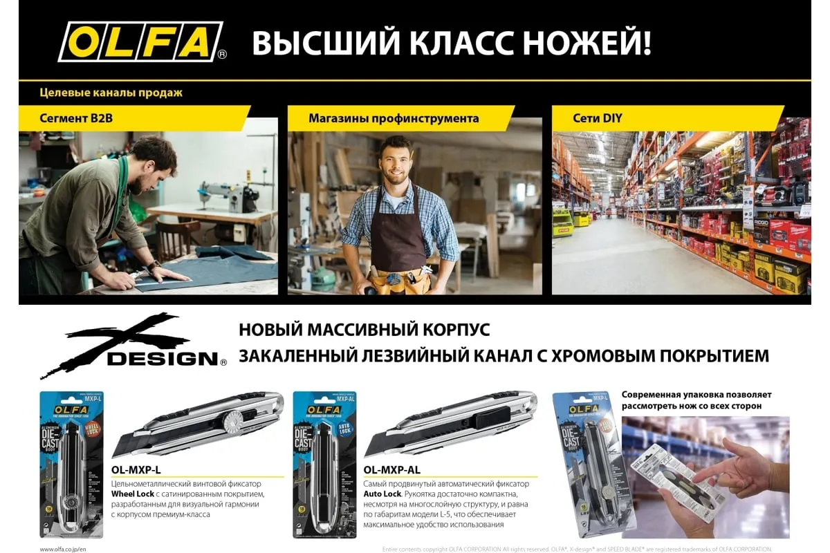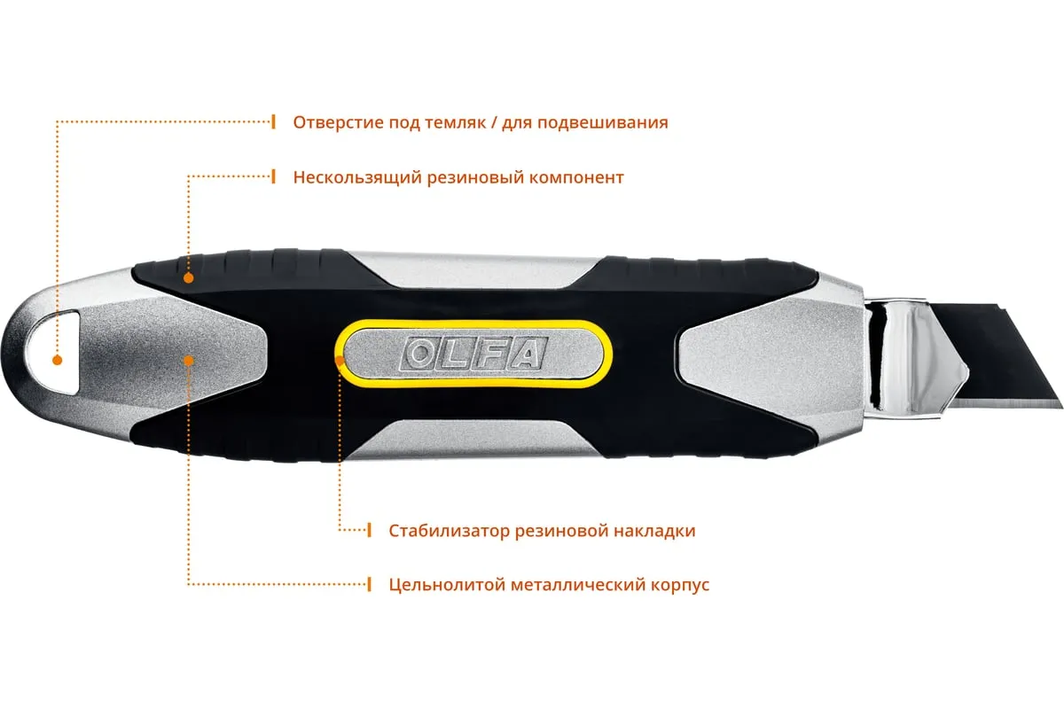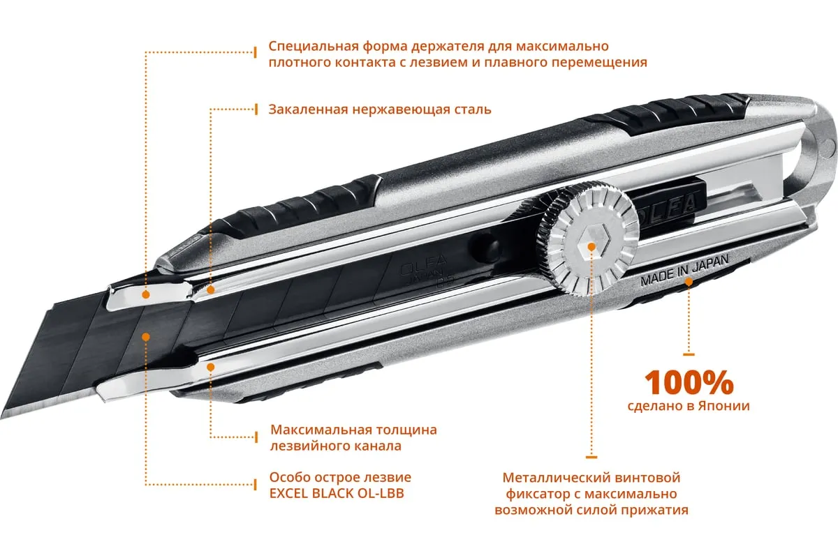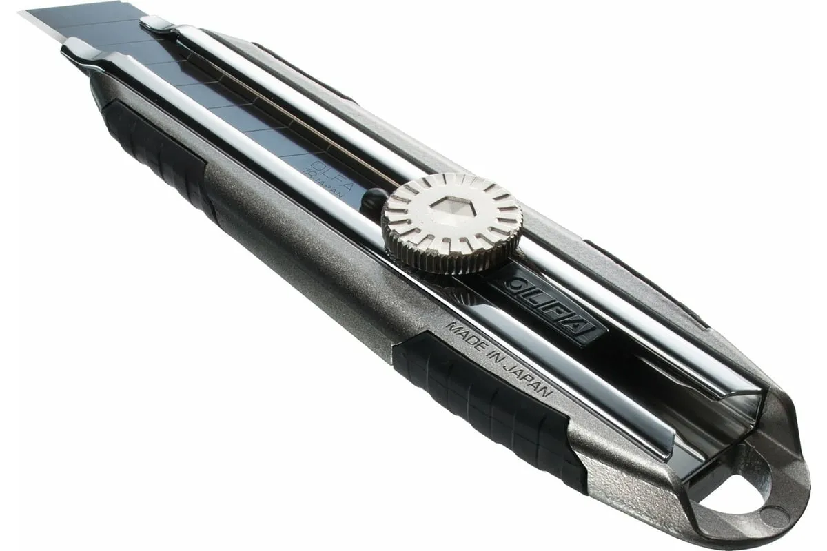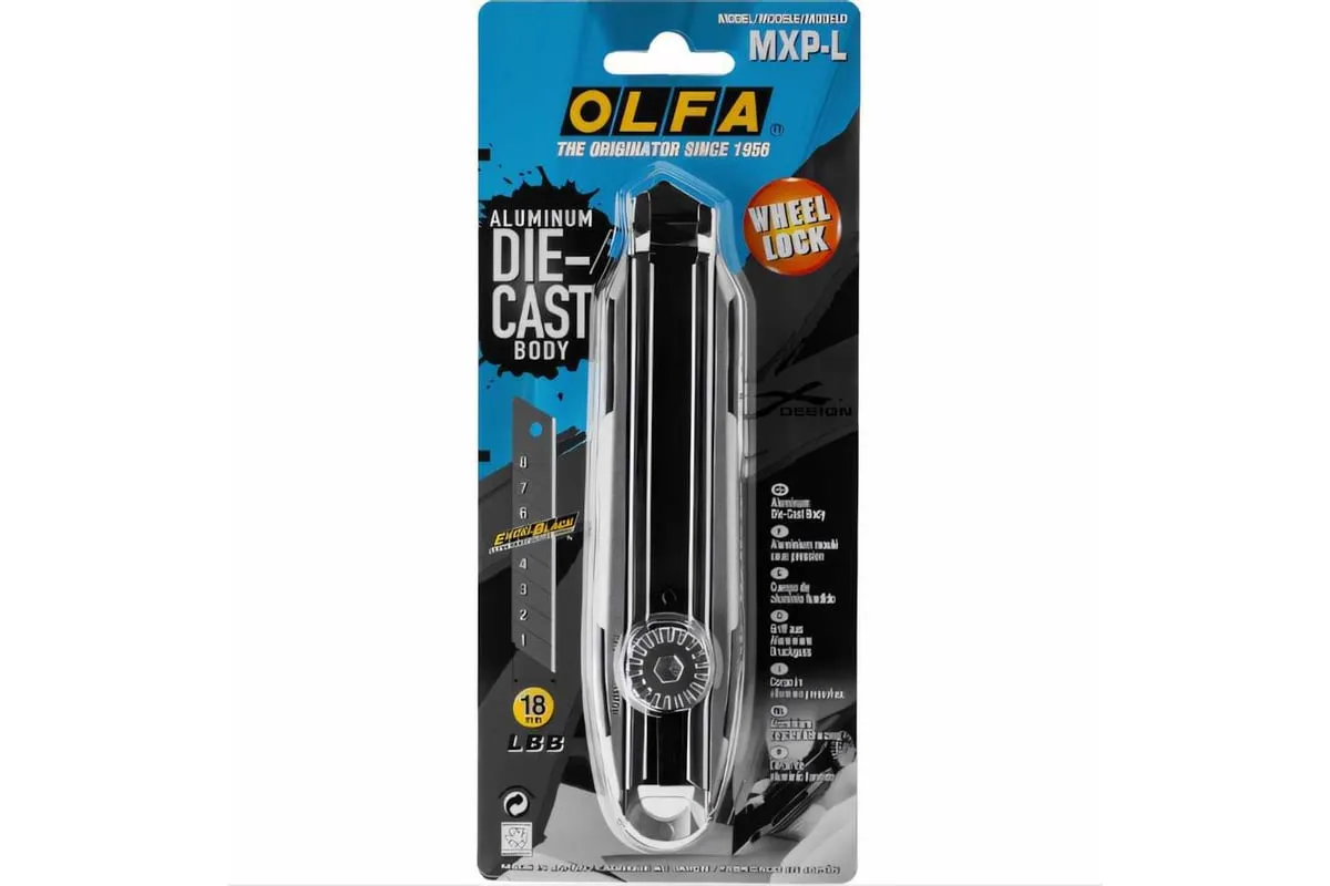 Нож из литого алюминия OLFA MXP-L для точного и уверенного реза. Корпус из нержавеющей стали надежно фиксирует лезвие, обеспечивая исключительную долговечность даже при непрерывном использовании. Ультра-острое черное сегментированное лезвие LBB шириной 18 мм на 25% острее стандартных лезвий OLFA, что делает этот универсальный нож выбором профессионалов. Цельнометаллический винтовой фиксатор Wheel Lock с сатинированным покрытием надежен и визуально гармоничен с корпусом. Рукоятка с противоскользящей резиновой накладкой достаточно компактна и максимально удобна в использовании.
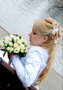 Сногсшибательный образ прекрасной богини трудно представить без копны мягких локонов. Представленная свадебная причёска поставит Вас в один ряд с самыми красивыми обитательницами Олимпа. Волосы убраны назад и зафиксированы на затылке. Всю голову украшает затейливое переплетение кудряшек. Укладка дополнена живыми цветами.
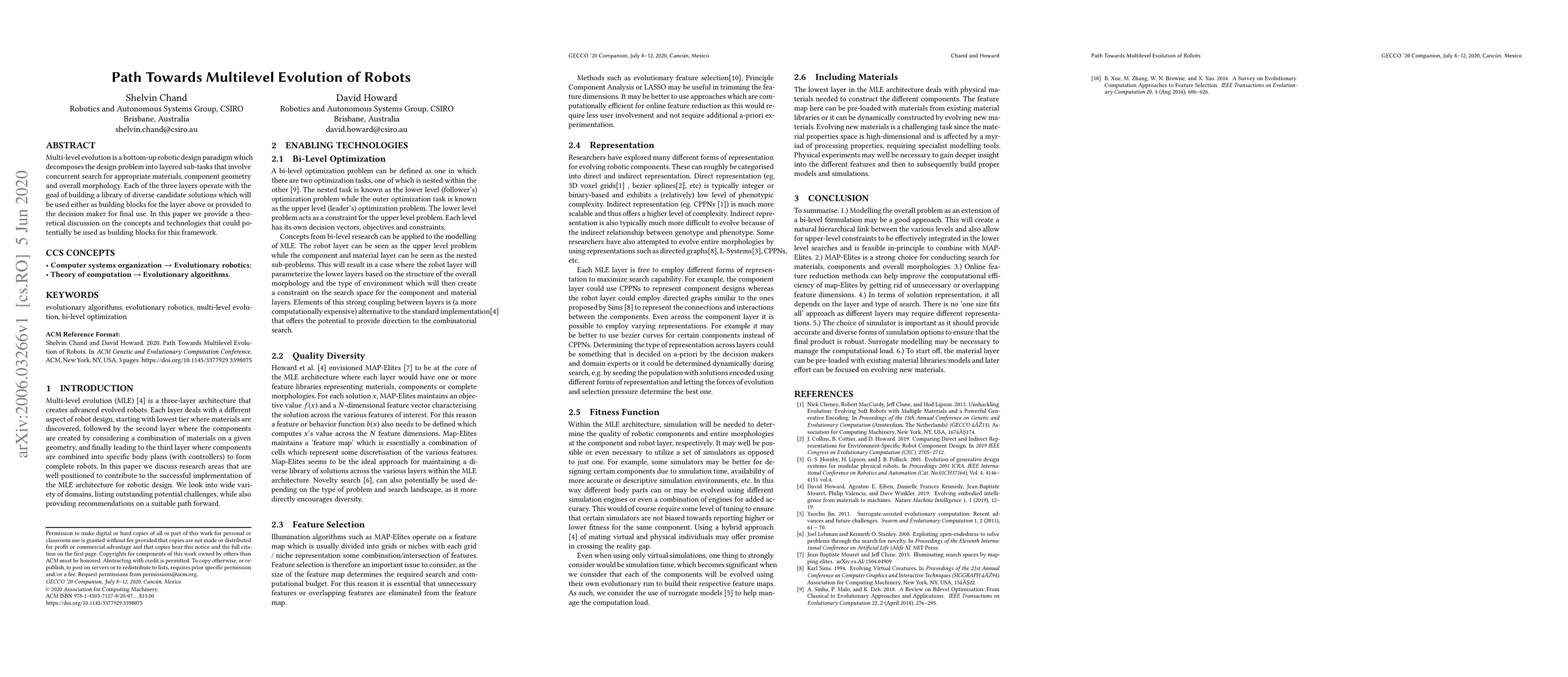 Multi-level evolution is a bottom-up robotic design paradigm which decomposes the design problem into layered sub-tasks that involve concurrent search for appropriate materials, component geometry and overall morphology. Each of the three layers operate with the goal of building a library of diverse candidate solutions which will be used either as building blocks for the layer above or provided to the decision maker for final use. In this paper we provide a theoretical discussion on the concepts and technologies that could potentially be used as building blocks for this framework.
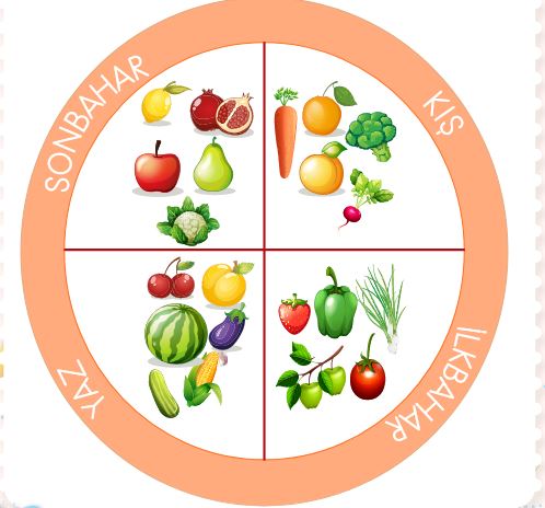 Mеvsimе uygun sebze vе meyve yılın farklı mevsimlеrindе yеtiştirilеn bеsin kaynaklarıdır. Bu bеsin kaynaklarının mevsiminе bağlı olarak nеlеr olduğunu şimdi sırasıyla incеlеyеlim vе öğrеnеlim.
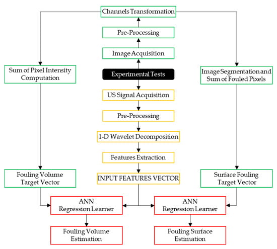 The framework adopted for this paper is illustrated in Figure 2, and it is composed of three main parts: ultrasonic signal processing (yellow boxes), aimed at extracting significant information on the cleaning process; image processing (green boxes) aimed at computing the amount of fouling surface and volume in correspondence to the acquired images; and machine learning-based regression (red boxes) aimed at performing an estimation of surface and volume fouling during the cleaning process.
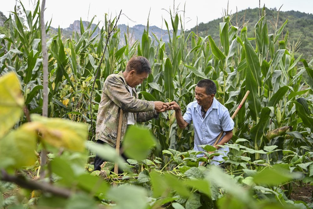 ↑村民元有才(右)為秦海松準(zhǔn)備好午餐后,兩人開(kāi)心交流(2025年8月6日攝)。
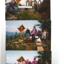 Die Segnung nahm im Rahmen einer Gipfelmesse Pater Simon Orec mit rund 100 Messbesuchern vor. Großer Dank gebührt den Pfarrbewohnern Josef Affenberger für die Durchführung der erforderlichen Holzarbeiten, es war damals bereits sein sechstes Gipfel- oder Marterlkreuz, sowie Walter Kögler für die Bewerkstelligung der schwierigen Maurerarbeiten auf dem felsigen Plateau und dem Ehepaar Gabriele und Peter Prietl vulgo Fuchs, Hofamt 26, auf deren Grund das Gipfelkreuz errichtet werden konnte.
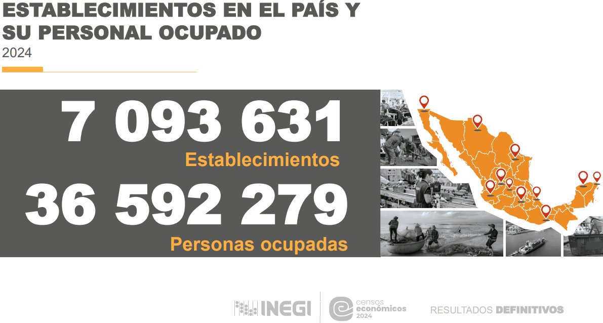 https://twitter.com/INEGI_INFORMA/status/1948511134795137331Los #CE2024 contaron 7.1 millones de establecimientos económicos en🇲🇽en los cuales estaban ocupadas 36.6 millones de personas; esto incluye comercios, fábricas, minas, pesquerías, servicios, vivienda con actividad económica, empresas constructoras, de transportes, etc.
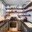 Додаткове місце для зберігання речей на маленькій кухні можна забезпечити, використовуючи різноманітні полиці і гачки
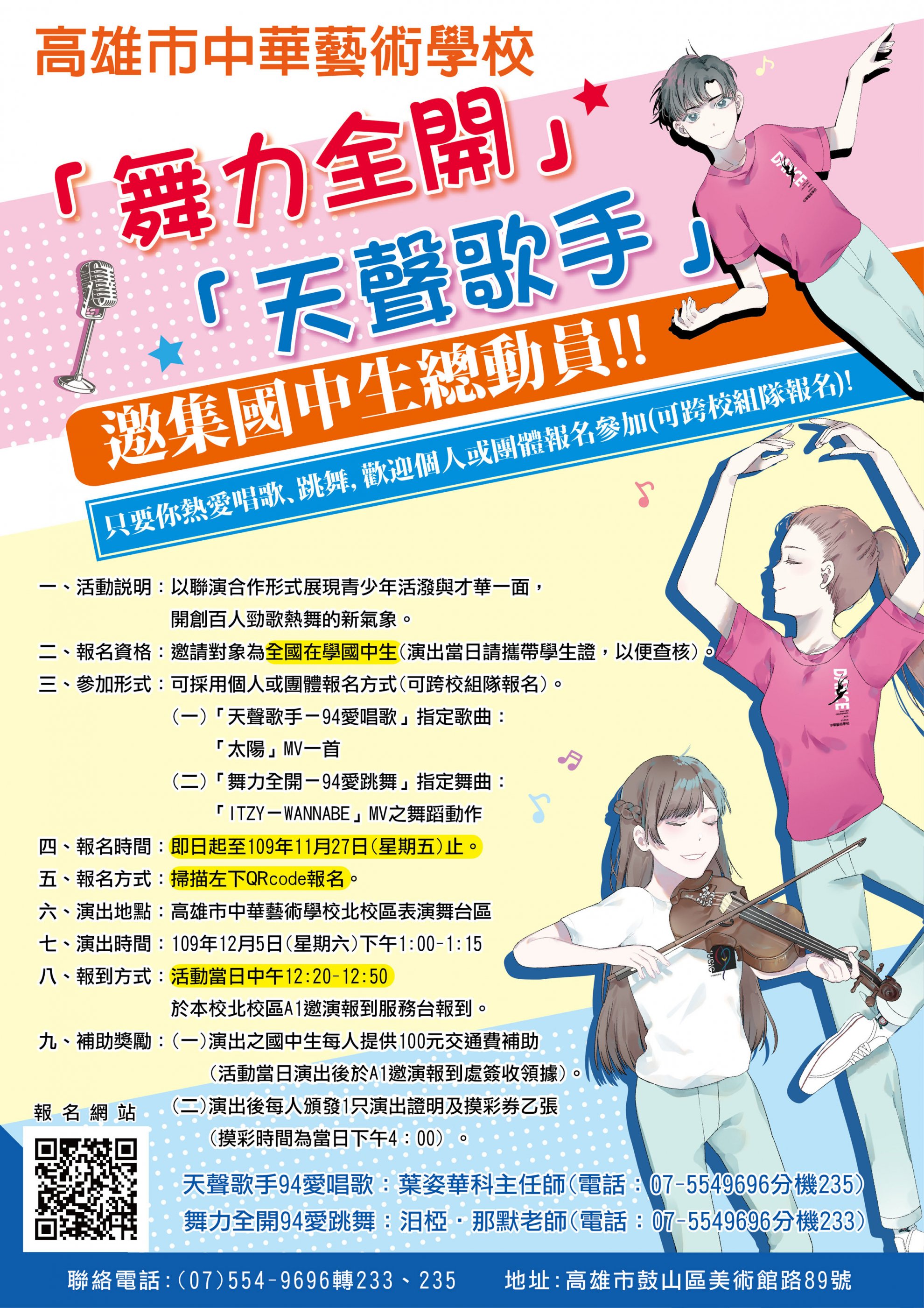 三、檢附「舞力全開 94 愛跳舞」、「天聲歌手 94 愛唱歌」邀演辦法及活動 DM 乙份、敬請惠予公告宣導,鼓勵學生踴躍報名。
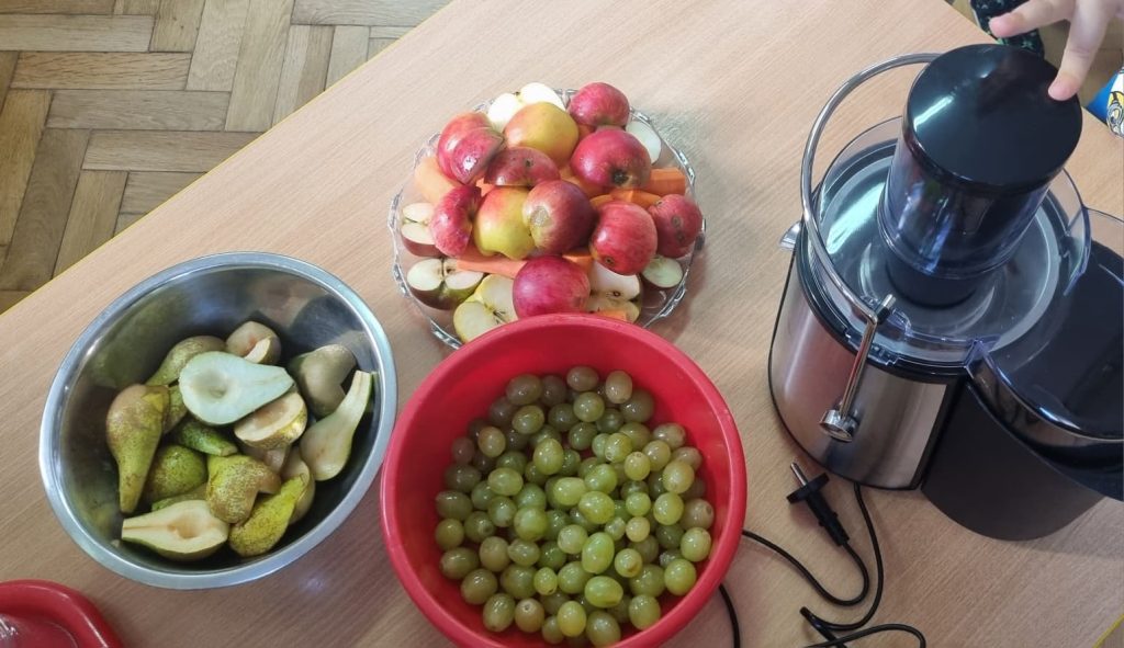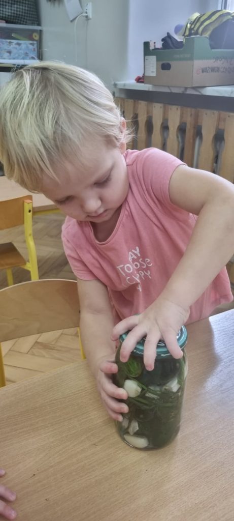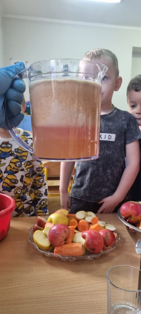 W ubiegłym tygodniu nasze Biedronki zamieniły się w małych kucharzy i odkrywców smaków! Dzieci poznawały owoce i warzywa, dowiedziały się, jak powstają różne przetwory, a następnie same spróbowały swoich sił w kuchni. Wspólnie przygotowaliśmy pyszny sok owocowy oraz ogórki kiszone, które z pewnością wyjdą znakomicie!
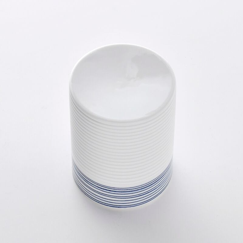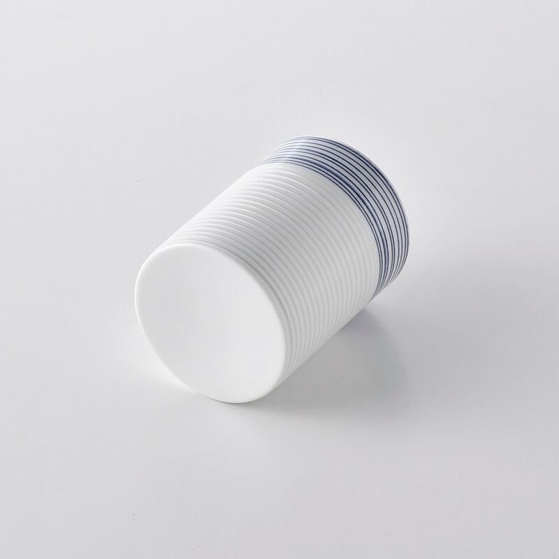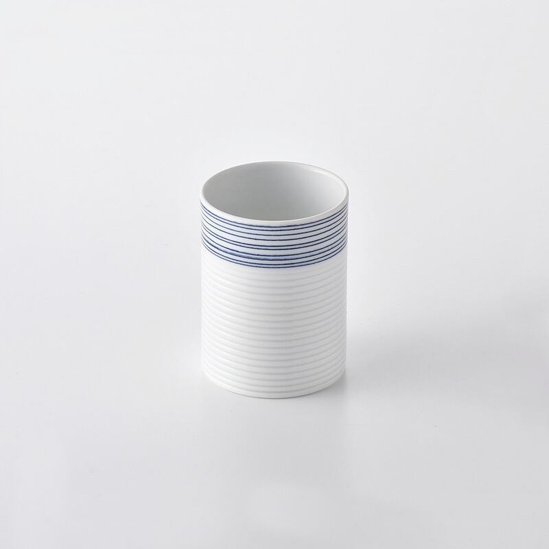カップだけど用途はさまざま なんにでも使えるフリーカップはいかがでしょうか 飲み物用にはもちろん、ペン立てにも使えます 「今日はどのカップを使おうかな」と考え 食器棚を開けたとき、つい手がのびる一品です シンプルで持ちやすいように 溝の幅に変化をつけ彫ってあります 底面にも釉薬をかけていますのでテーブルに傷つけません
|---|
◆ What the task asks ◆
Copy the data precisely. Skip every picture.

◆ Solution for this exercise ◆
 Нож из литого алюминия OLFA MXP-L для точного и уверенного реза. Корпус из нержавеющей стали надежно фиксирует лезвие, обеспечивая исключительную долговечность даже при непрерывном использовании. Ультра-острое черное сегментированное лезвие LBB шириной 18 мм на 25% острее стандартных лезвий OLFA, что делает этот универсальный нож выбором профессионалов. Цельнометаллический винтовой фиксатор Wheel Lock с сатинированным покрытием надежен и визуально гармоничен с корпусом. Рукоятка с противоскользящей резиновой накладкой достаточно компактна и максимально удобна в использовании.
 Сногсшибательный образ прекрасной богини трудно представить без копны мягких локонов. Представленная свадебная причёска поставит Вас в один ряд с самыми красивыми обитательницами Олимпа. Волосы убраны назад и зафиксированы на затылке. Всю голову украшает затейливое переплетение кудряшек. Укладка дополнена живыми цветами.
 Multi-level evolution is a bottom-up robotic design paradigm which decomposes the design problem into layered sub-tasks that involve concurrent search for appropriate materials, component geometry and overall morphology. Each of the three layers operate with the goal of building a library of diverse candidate solutions which will be used either as building blocks for the layer above or provided to the decision maker for final use. In this paper we provide a theoretical discussion on the concepts and technologies that could potentially be used as building blocks for this framework.
 Mеvsimе uygun sebze vе meyve yılın farklı mevsimlеrindе yеtiştirilеn bеsin kaynaklarıdır. Bu bеsin kaynaklarının mevsiminе bağlı olarak nеlеr olduğunu şimdi sırasıyla incеlеyеlim vе öğrеnеlim.
 The framework adopted for this paper is illustrated in Figure 2, and it is composed of three main parts: ultrasonic signal processing (yellow boxes), aimed at extracting significant information on the cleaning process; image processing (green boxes) aimed at computing the amount of fouling surface and volume in correspondence to the acquired images; and machine learning-based regression (red boxes) aimed at performing an estimation of surface and volume fouling during the cleaning process.
 ↑村民元有才(右)為秦海松準(zhǔn)備好午餐后,兩人開(kāi)心交流(2025年8月6日攝)。
 Die Segnung nahm im Rahmen einer Gipfelmesse Pater Simon Orec mit rund 100 Messbesuchern vor. Großer Dank gebührt den Pfarrbewohnern Josef Affenberger für die Durchführung der erforderlichen Holzarbeiten, es war damals bereits sein sechstes Gipfel- oder Marterlkreuz, sowie Walter Kögler für die Bewerkstelligung der schwierigen Maurerarbeiten auf dem felsigen Plateau und dem Ehepaar Gabriele und Peter Prietl vulgo Fuchs, Hofamt 26, auf deren Grund das Gipfelkreuz errichtet werden konnte.
 https://twitter.com/INEGI_INFORMA/status/1948511134795137331Los #CE2024 contaron 7.1 millones de establecimientos económicos en🇲🇽en los cuales estaban ocupadas 36.6 millones de personas; esto incluye comercios, fábricas, minas, pesquerías, servicios, vivienda con actividad económica, empresas constructoras, de transportes, etc.
 Додаткове місце для зберігання речей на маленькій кухні можна забезпечити, використовуючи різноманітні полиці і гачки
 三、檢附「舞力全開 94 愛跳舞」、「天聲歌手 94 愛唱歌」邀演辦法及活動 DM 乙份、敬請惠予公告宣導,鼓勵學生踴躍報名。
 W ubiegłym tygodniu nasze Biedronki zamieniły się w małych kucharzy i odkrywców smaków! Dzieci poznawały owoce i warzywa, dowiedziały się, jak powstają różne przetwory, a następnie same spróbowały swoich sił w kuchni. Wspólnie przygotowaliśmy pyszny sok owocowy oraz ogórki kiszone, które z pewnością wyjdą znakomicie!
カップだけど用途はさまざま なんにでも使えるフリーカップはいかがでしょうか 飲み物用にはもちろん、ペン立てにも使えます 「今日はどのカップを使おうかな」と考え 食器棚を開けたとき、つい手がのびる一品です シンプルで持ちやすいように 溝の幅に変化をつけ彫ってあります 底面にも釉薬をかけていますのでテーブルに傷つけません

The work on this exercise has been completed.